AIM OF THE EXERCISE => In the data below, count every line that holds the string "Manor" and reply with the number alone.

-- RECORD EXCERPTS follows --

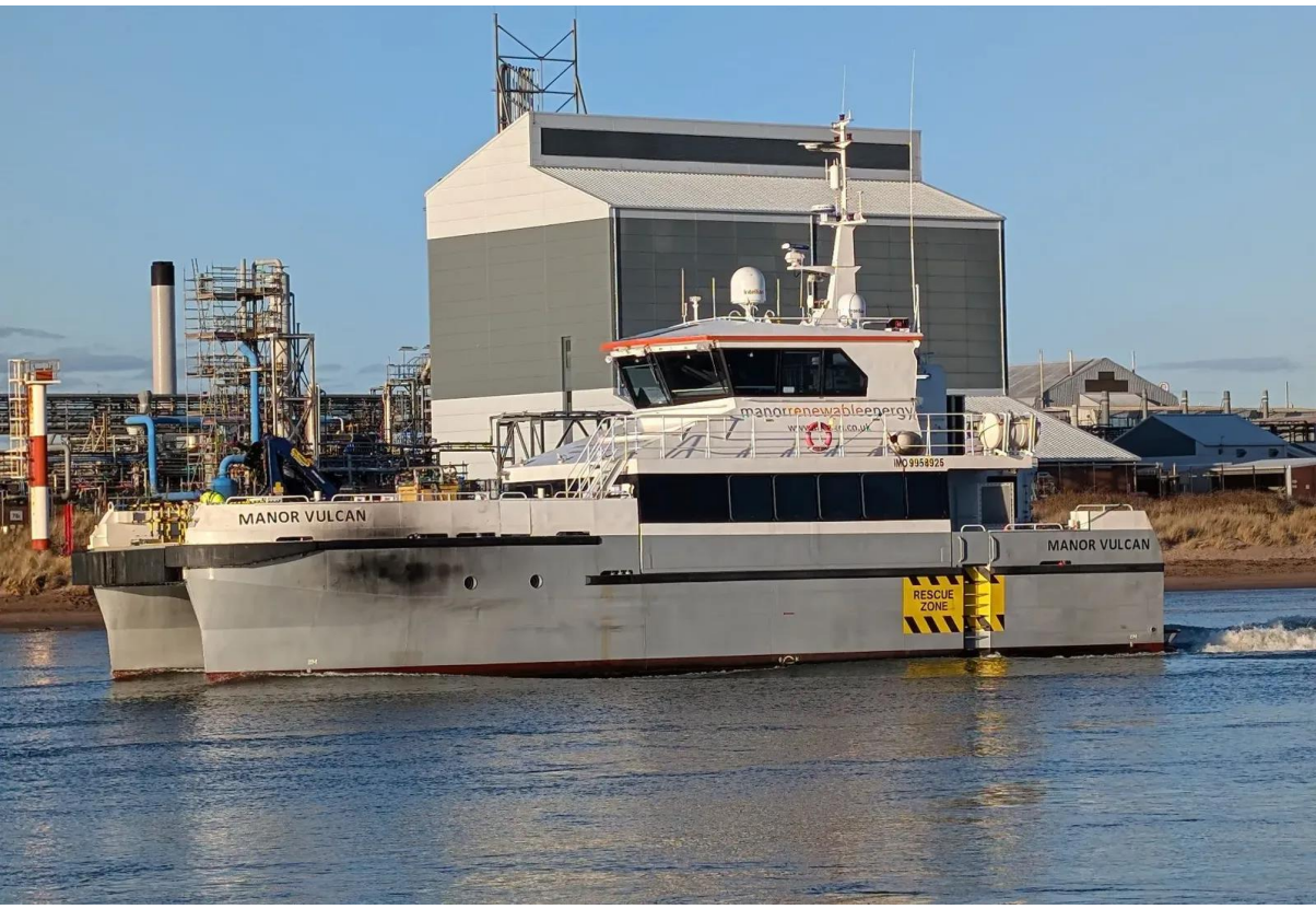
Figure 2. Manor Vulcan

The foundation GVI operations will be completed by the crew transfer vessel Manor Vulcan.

-- RECORD EXCERPTS concluded --
-- RECORD EXCERPTS follows --

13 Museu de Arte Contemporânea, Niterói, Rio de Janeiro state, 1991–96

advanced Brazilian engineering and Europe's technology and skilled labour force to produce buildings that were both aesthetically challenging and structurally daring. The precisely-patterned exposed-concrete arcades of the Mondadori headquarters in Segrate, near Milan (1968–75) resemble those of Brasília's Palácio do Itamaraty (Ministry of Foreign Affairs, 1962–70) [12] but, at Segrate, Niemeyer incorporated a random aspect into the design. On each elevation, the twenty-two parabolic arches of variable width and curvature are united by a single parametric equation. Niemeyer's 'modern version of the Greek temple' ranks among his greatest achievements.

-- RECORD EXCERPTS concluded --

WRITTEN ANSWER => 2